Maybe they’re with the same publisher.
And then everyone claps and I go up to have my newly
purchased book signed. And I’m close to the front and I’m thinking about what
I’m going to say. Topics could include how I love his satirical style, which I
also write but oh, no no not like you do and in fact I’ve previously emailed your Mad As Hell
producer to ask if there’s any way I can observe the magic being made and do
middle age work experience or something and make you cups of tea because I know
you don’t drink coffee and in the same email, maybe to
buffer any sense of rejection about asking if I could you know, observe the
magic, I’d also asked him if my artist friend could paint the great man for the Archibald in 2013 and the producer said, Shaun’s done that a lot already and yeah, probably no, and with respect to the observing the magic thing, the season is almost over so yeah, no but he was very polite about it and I could recap
all that and maybe pitch directly to the man and ask if there’s ever a need for
a writer, I’m there, like totally there and I think there’s synergies to
leverage and all that.
But then I’m the next in line and his PR publisher rep woman
is standing beside me and I ask awkwardly if it’s ok to get a photo with the
great man. And she says, yes as long as it’s quick and it sort of takes the
magic out of it and I say, it’s kind of like waiting to visit Santa isn’t it
and she gives a sort of closed mouth snort that indicates she didn’t find that
analogy amusing or dignified and then it’s my turn and I approach and say that
was a great reading. I found the dog poem really sad. And he looks at me and
says, yes, it is sad. It’s very simply written but it just is… and I say it
sort of made me want to cry and is it ok if I get a photo with you and he says
sure. But it’s a bit awkward because he stands up to match me [Shaun Micallef
is a gentleman] and I know I’m not supposed to Touch the Merchandise, as in him, so we
stand there awkwardly with his book not in frame, which was kinda of what I’d envisaged
for the shot but anyway this’ll do and I’m beaming in the picture and he looks
drawn and tired and his hair looks less coiffed and I think he needs to put on
a bit of weight and he asks if I want the book made out to me and I say yes,
it’s Diana – with one N and he says, the only way to spell it.

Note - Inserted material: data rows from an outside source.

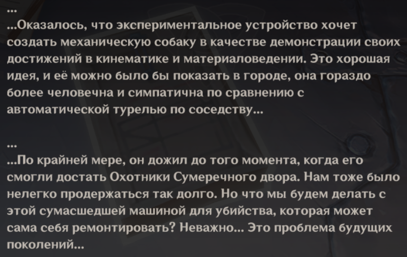 Хуй знает что можно добавить к этому твоему посту. Только что дослушал подкаст Муррчика и Ройта, где они обсуждали (поверхностно) лор Гипербореи, отсылки Белого царя на Ивана Грозного, происхождение всех богов от Фанета и возможный план Фанета удобрить Тейват их останками. Единственное, что для себя вынес - это что каждый видит в лоре Геншина то, что хочет. Кто-то ноет про несостыковки в сюжетке, а кто-то наоборот, из трёх строчек описания артефакта выводит талмуд. Ни те, ни другие свою правоту доказать не смогут: лор настолько жидкий, что его считай что нет. Наверное и после основной сюжетки будет то же самое: кто-то взвоет "и ради этого корячились предвестники?", а кто-то "вввау, да именно об этом же была книга "история лобковой вши" из 1.4!".
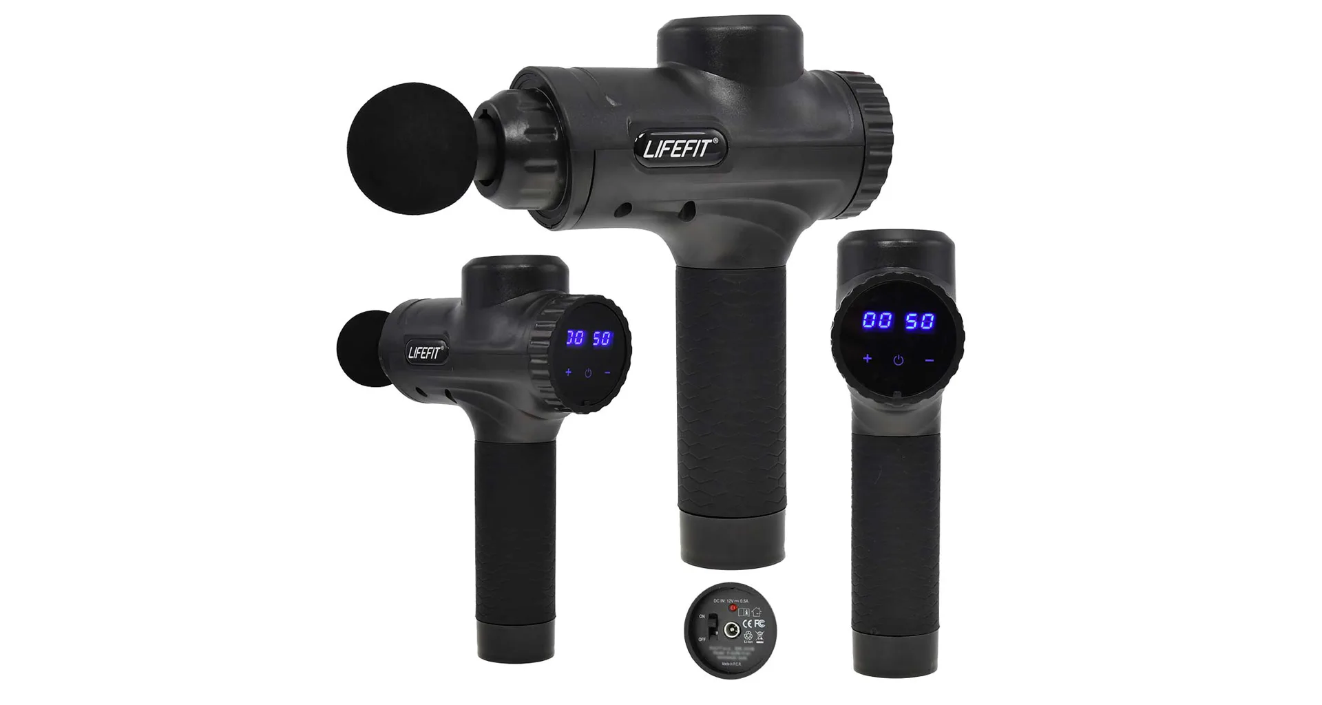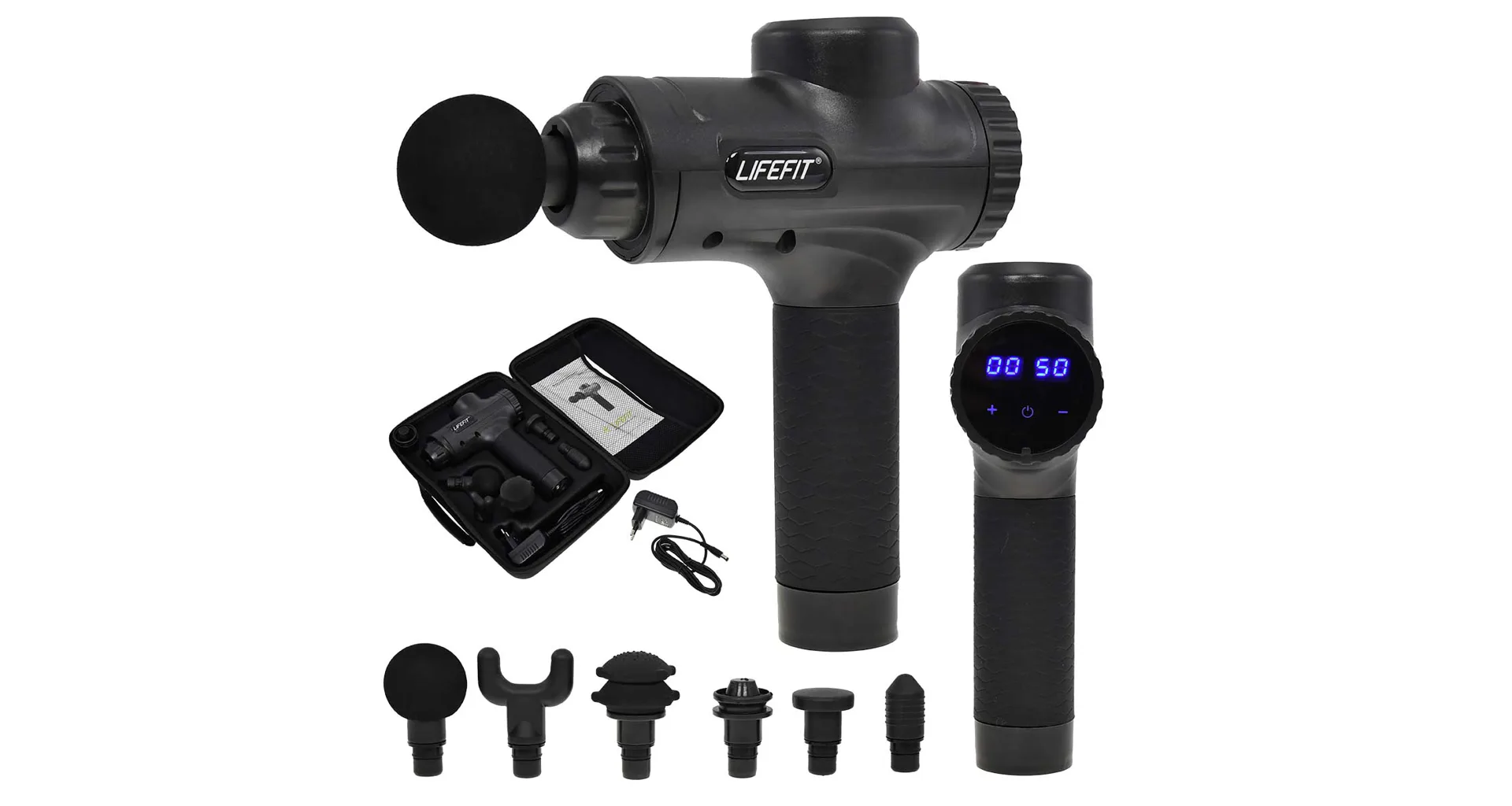 Masážna pištoľ LIFEFIT RELAX sa dodáva v praktickom kufríku čiernej farby.
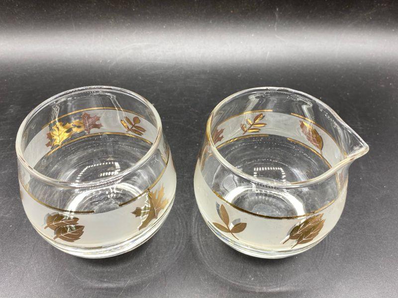 Libbey Glass Gold Leaf Cream and Sugar Set
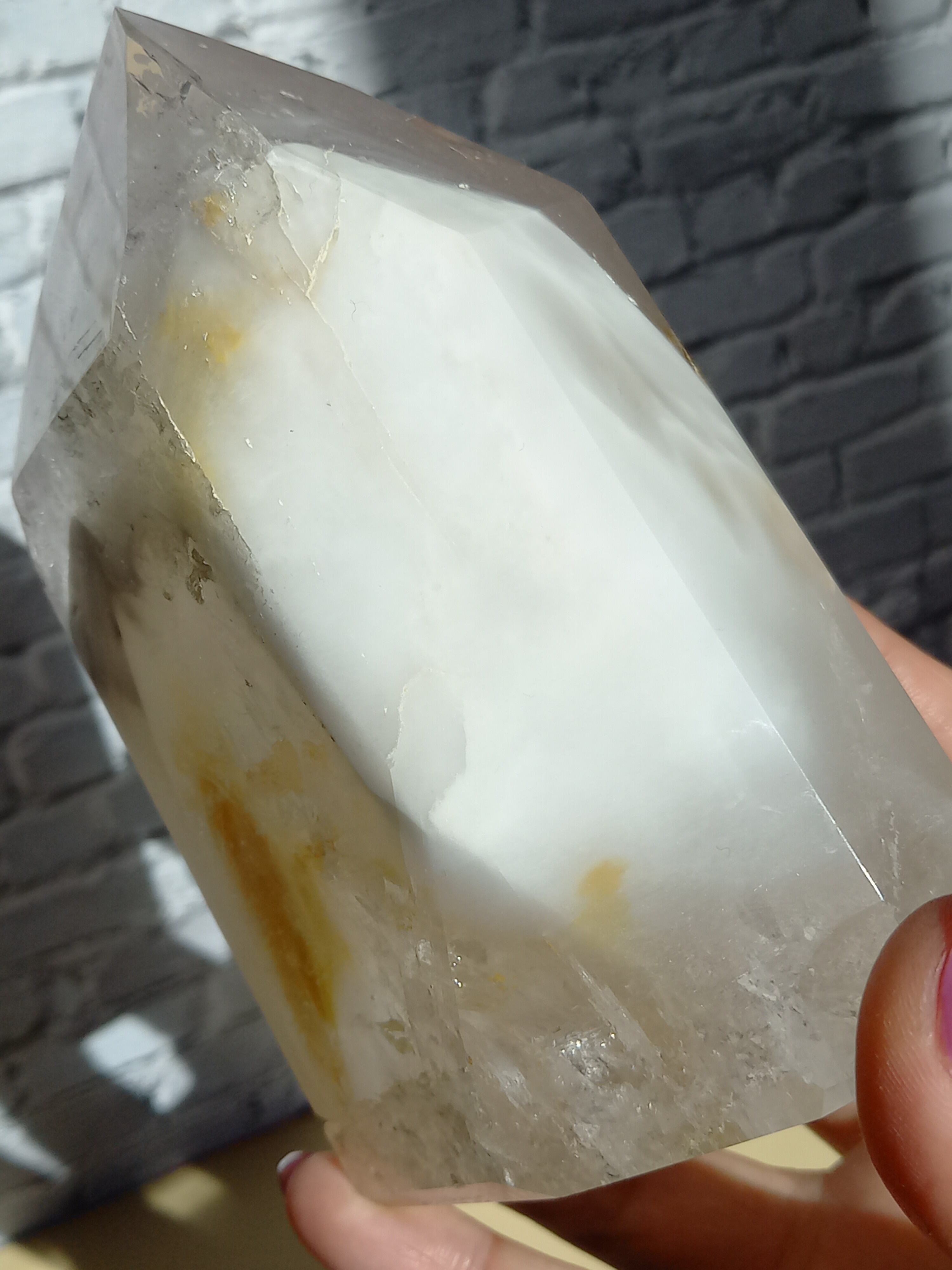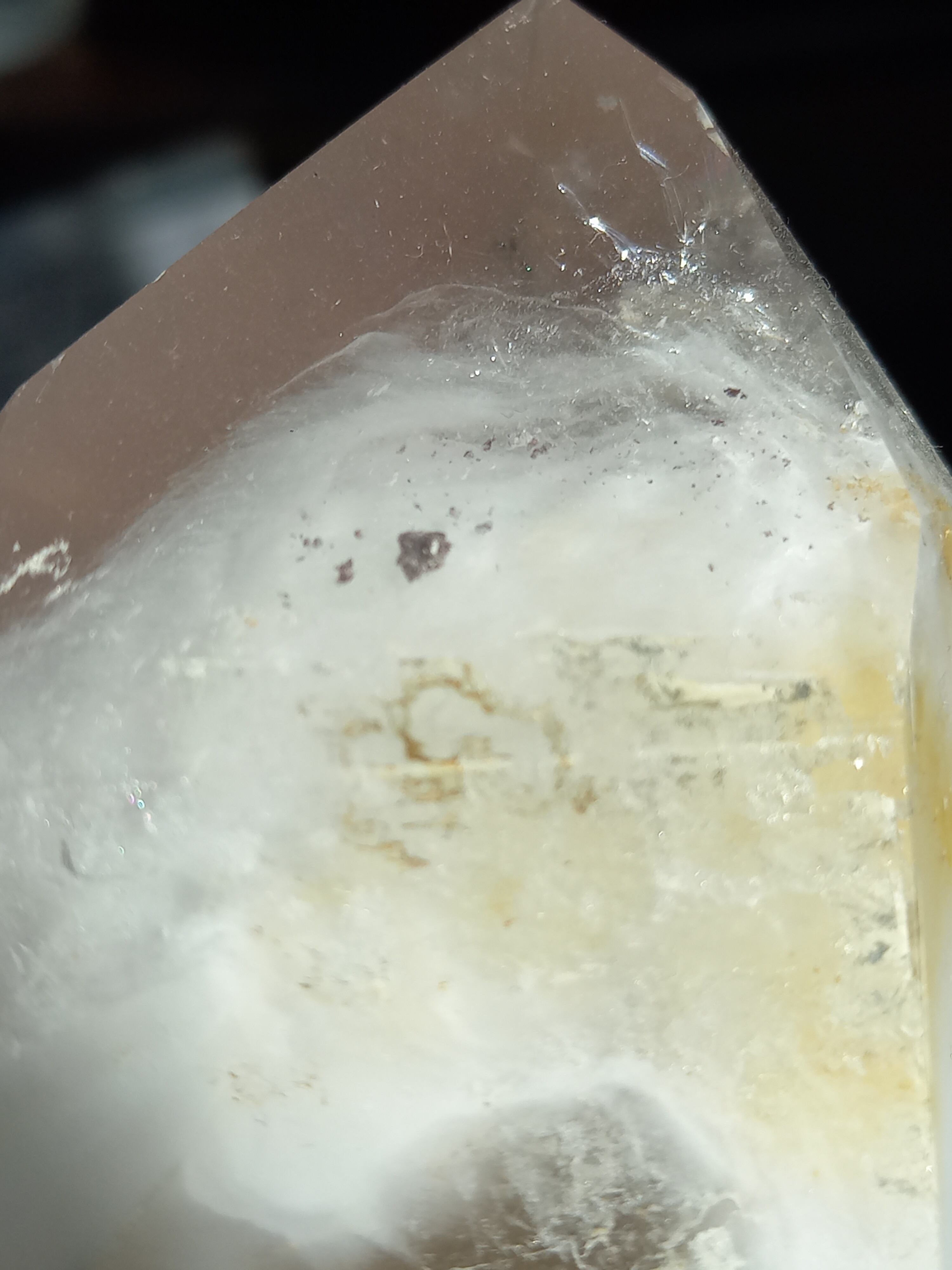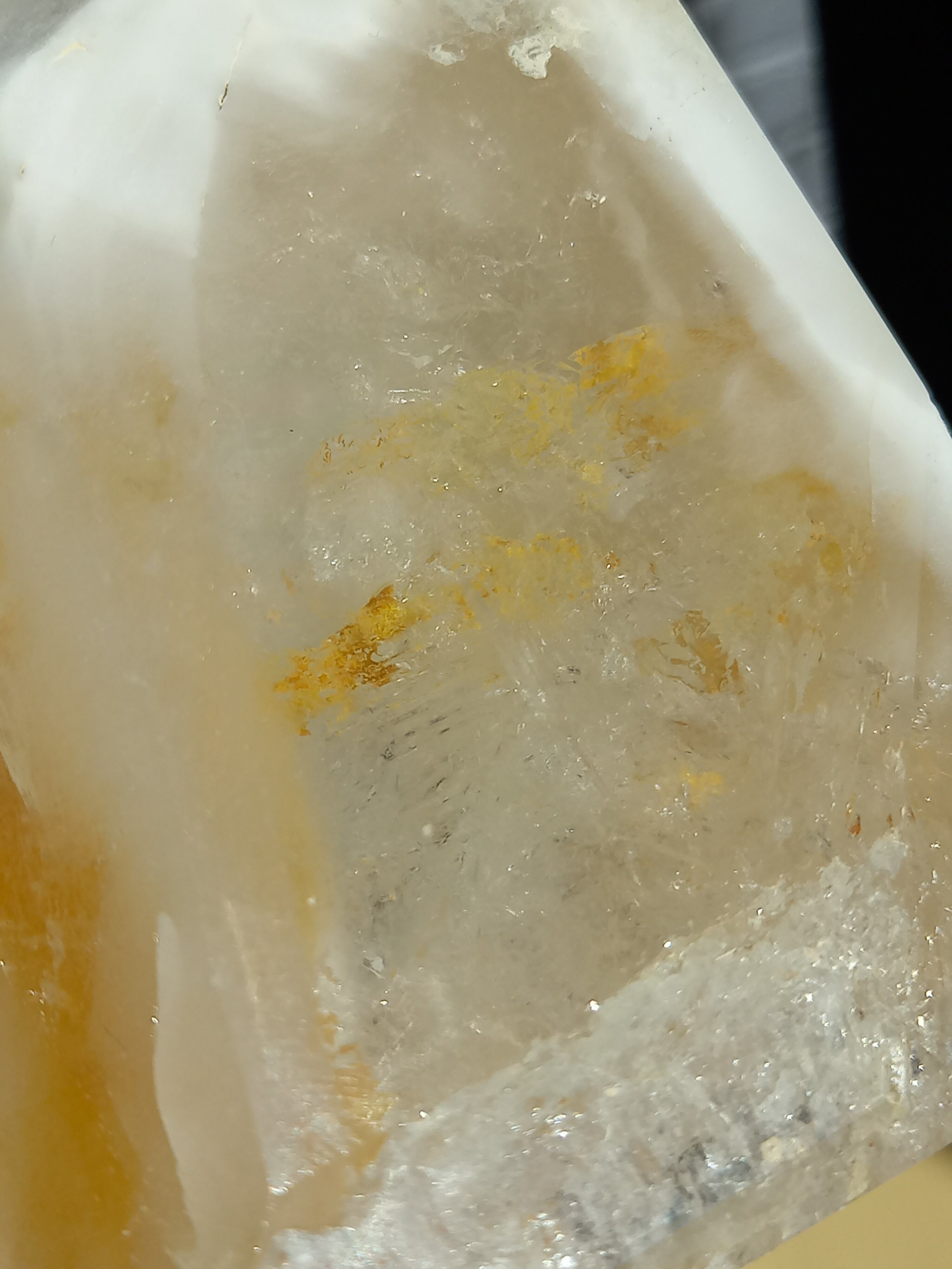 渦巻いたような模様や、フワフワした部分や、透明感あるクォーツから見えるライモナイト等など見どころたっぷりのビックタワーです。存在感も抜群です。
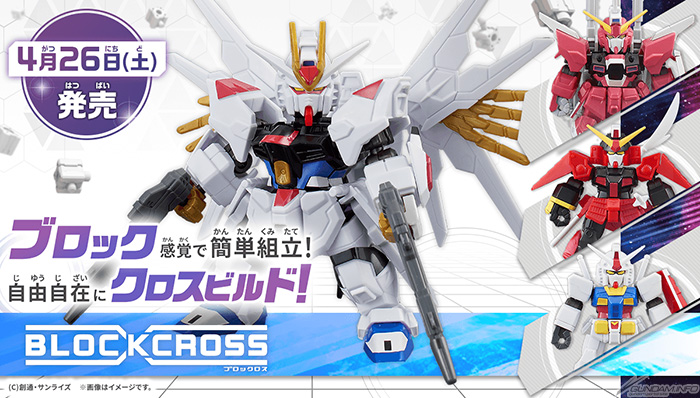 BLOCKCROSS เป็นซีรีส์ฟิกเกอร์ใหม่ที่พัฒนาโดย Bandai และรอบแรกที่นำเสนอซีรีส์กันดั้ม (มีฟิกเกอร์ 4 แบบ) จะวางจำหน่ายในวันเสาร์ที่ 26 เมษายน โดยจะวางจำหน่ายที่ร้านขายของเล่น ห้างสรรพสินค้า ร้านขายเครื่องใช้ไฟฟ้า ร้านค้าออนไลน์ และสถานที่อื่นๆ ทั่วญี่ปุ่น โดยฟิกเกอร์แต่ละตัวจะวางจำหน่ายในราคา 1,870 เยน (รวมภาษี)
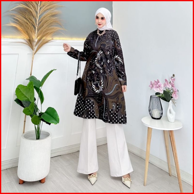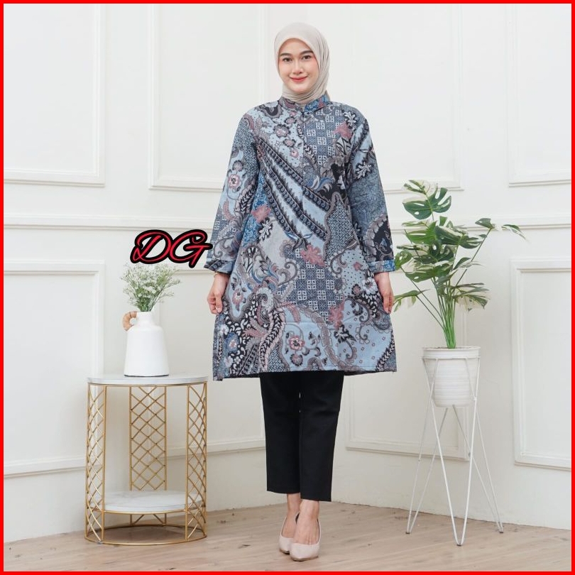 Tunik Batik Busui Termurah Seragam Guru Kantor Pengajian Kondangan Blous Atasan Wanita Lengan Panjang Modern Terbaru Tun
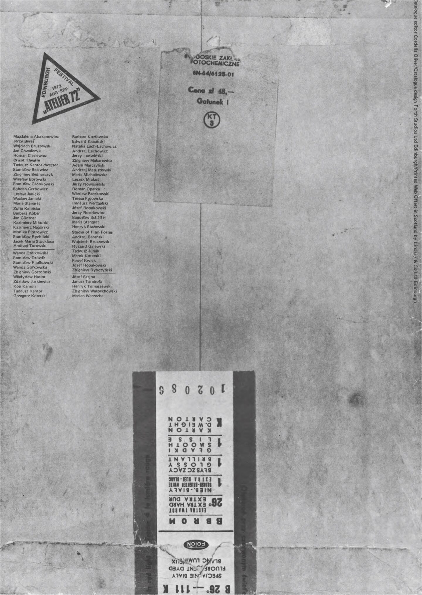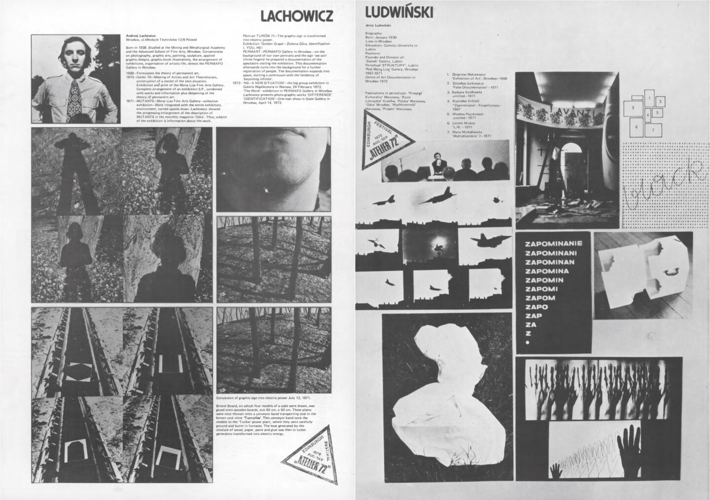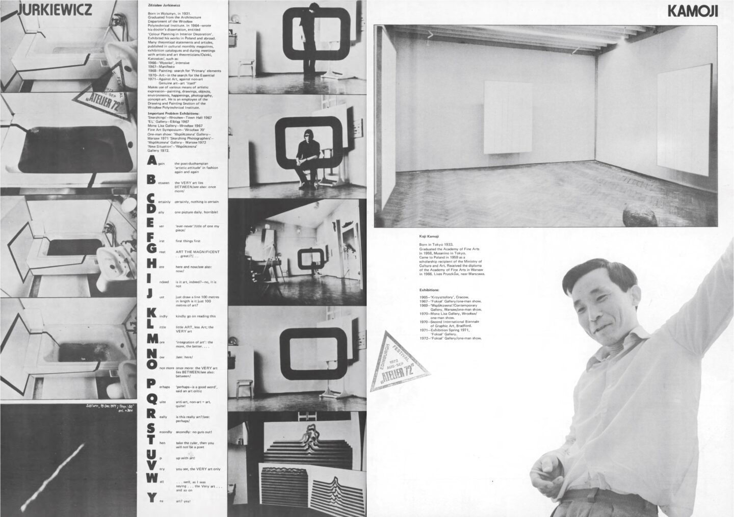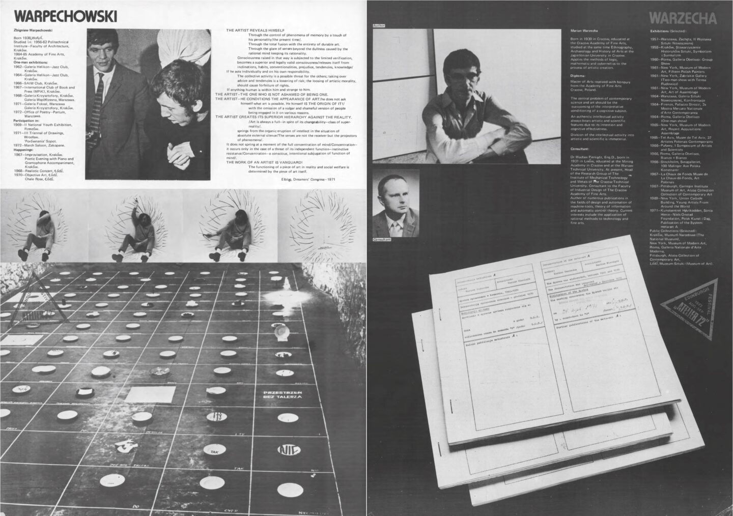 Zbigniew Warpechowski / Koji Kamoji / Natalia LL / Roman Cieślewicz / Tadeusz Kantor / Wanda Czełkowska / Wanda Gołkowska / Jerzy Bereś / Stanisław Dróżdż / Edward Krasiński / Zbigniew Makarewicz / Barbara Kozłowska / Maria Stangret / Bogusław Schaffer / Henryk Tomaszewski / Roman Opałka / Andrzej Lachowicz / Jerzy Rosołowicz / Henryk Stażewski / Zdzisław Jurkiewicz / Józef Robakowski / Paweł Kwiek / Warsztat Formy Filmowej

Ha ha yes, and
I walk away clutching my book that says “Hi Diana” and is signed Shaun Micallef
and I catch Elliot Perlman’s eye and I transmit inaudibly to him, I think
you’re a bloody good writer and I loved Seven Types of
Ambiguity and I also sat three seats away from you at The National concert and is that pregnant
woman with you your partner and if so, is that the same woman you were with at
The National concert? His eyes transmit back to me no recognition of that
information and I think about Jimmy Stewart patting Beau’s head in the dark of
the night, a little tap communicating comfort and it’s gonna be ok and oh shit we’re all in this together there’s no way back except forward into the abyss
and I walk back to my car and head home and that’s pretty much it.
Diana Elliott
I enjoyed reading about your encounter. If only Shaun's novels would be released as audiobooks.
ReplyDeleteThanks Robert.Oh wow, yes! Love that idea. His voice really does add to the enjoyment of the writing.